Jérémie Beyou se détourne depuis 9h00 ce matin vers le Brésil, probablement Recife, afin de trouver un mouillage et d’expertiser son avarie de gréement tribord (barres de flèche sous le vent). Le skipper de Delta Dore n’abandonne pas et espère pouvoir réparer par lui-même cette avarie.

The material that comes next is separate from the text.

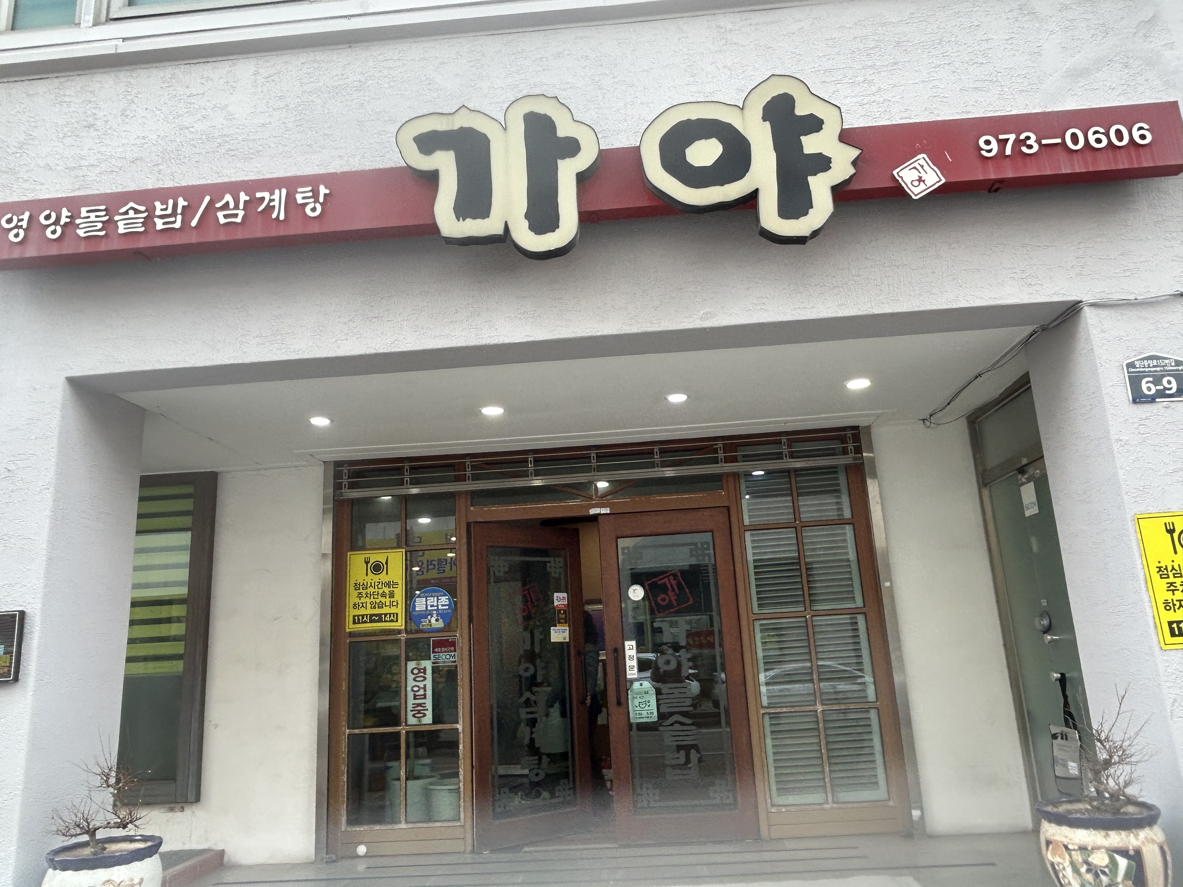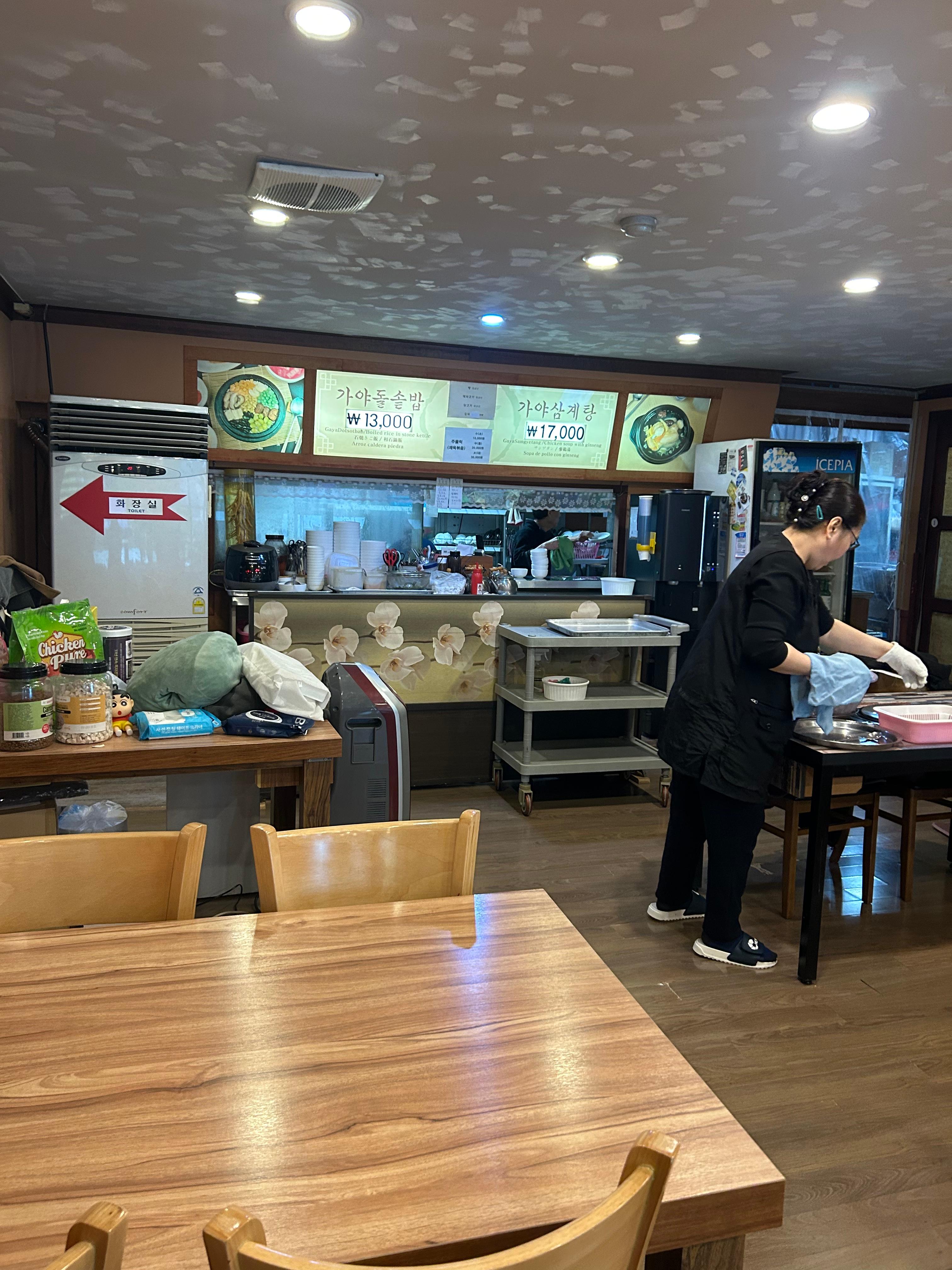 메뉴는 가야돌솥밥, 가야삼계탕이 있어요.

C’est à 9h12 dimanche matin que Jérémie Beyou a téléphoné à la Direction de Course pour lui faire part de son avarie. Au lever du jour, vers 8h30 (HF), il a constaté que son gréement sous le vent (sur tribord) n’était plus solidaire du mât, l’empêchant de virer de bord ou d’empanner. Les deux barres de flèche du haut pendouillent, retenues par le gréement dormant. Le skipper n’est pas en danger et fait route à allure réduite vers la terre la plus proche, le Brésil. Il se dirige actuellement vers la ville de Recife distante de 430 milles (cap au 240°) qu’il pourrait atteindre en 2 à 3 jours de navigation.

 

"J'étais à l'intérieur du bateau et j'ai entendu du bruit. Je suis sorti et j'ai vu une barre de flèche pendre sous le vent avec le gréement mou. J'ai arrêté le bateau. Je dois sécuriser le mât au maximum en abattant et en soulageant la voilure. Je suis actuellement au vent arrière." A déclaré Jérémie à son équipe technique.

 

Il n’y a pas eu de choc pouvant expliquer cette avarie. Seules les secousses répétées dans une mer formée semblent à l’origine de cette désolidarisation du gréement avec le mât. Le règlement du Vendée Globe n’autorise l’assistance extérieure qu’au port de départ, Les Sables d’Olonne. Ensuite, chaque concurrent doit réparer par lui-même sans faire escale s’il veut rester en course. Jérémie Beyou ne peut donc pas s’amarrer dans un port, mais peut mouiller à l’abri d’une côte. Ce qu’avait réalisé Yves Parlier lors du Vendée Globe 2000-2001 en réparant seul son mât dans un mouillage d’une île néo-zélandaise.